4.4 The committee noted that a patient organisation submission included a survey of several hundred patients with AS, which summarised the major effect that the disease has on people's health and quality of life. The committee heard that having a greater choice of treatments would be particularly valuable to people with this condition, allowing them and their clinicians to choose treatments that take into account their individual needs and preferences and giving them a feeling of more control over their condition. The clinical experts stated that the novel mechanism of action of secukinumab, and its other marketing authorisations for psoriasis and psoriatic arthritis, would give patients and clinicians a greater choice of targeted treatment options. A patient expert stated that it is particularly important to have the option of a treatment with a different mechanism of action for patients whose disease did not respond to one or more TNF‑alpha inhibitors. The committee concluded that the availability of an effective new treatment option would be valuable for people with active AS.
The evidence from the MEASURE trials
4.5 The MEASURE 1 and MEASURE 2 trials, which compared secukinumab with placebo in active AS, were conducted across international sites. The committee expressed concern that concomitant treatments, which were not used in trials for TNF‑alpha inhibitors (such as methotrexate and sulfasalazine), might have affected the results of the trials and their generalisability to UK clinical practice. The clinical experts stated that non-biological agents such as methotrexate and sulfasalazine have no proven activity in spinal disease but may be prescribed for extra-articular manifestations.

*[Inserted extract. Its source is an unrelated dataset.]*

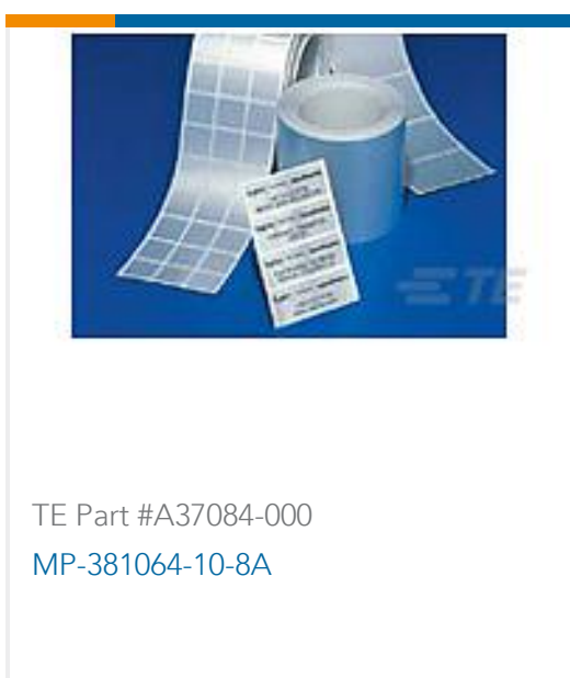
TE Part #A37084-000 MP-381064-10-8A

The committee noted that MEASURE 1 and MEASURE 2 did not assess the effect of treatments on extra-articular manifestations, only the effects on AS. It also considered whether the results of MEASURE 1 were relevant to the use of subcutaneously administered secukinumab in UK clinical practice, as an intravenously administered dose was used up to week 4 (at week 8 and every subsequent 4 weeks secukinumab was administered subcutaneously), not reflecting the regimen which was subsequently licensed. The clinical experts stated that the magnitude of response in both studies was similar despite the differences between them in administration and loading dose. The committee concluded that the results from MEASURE 1 and MEASURE 2 were comparable and generalisable to the UK population.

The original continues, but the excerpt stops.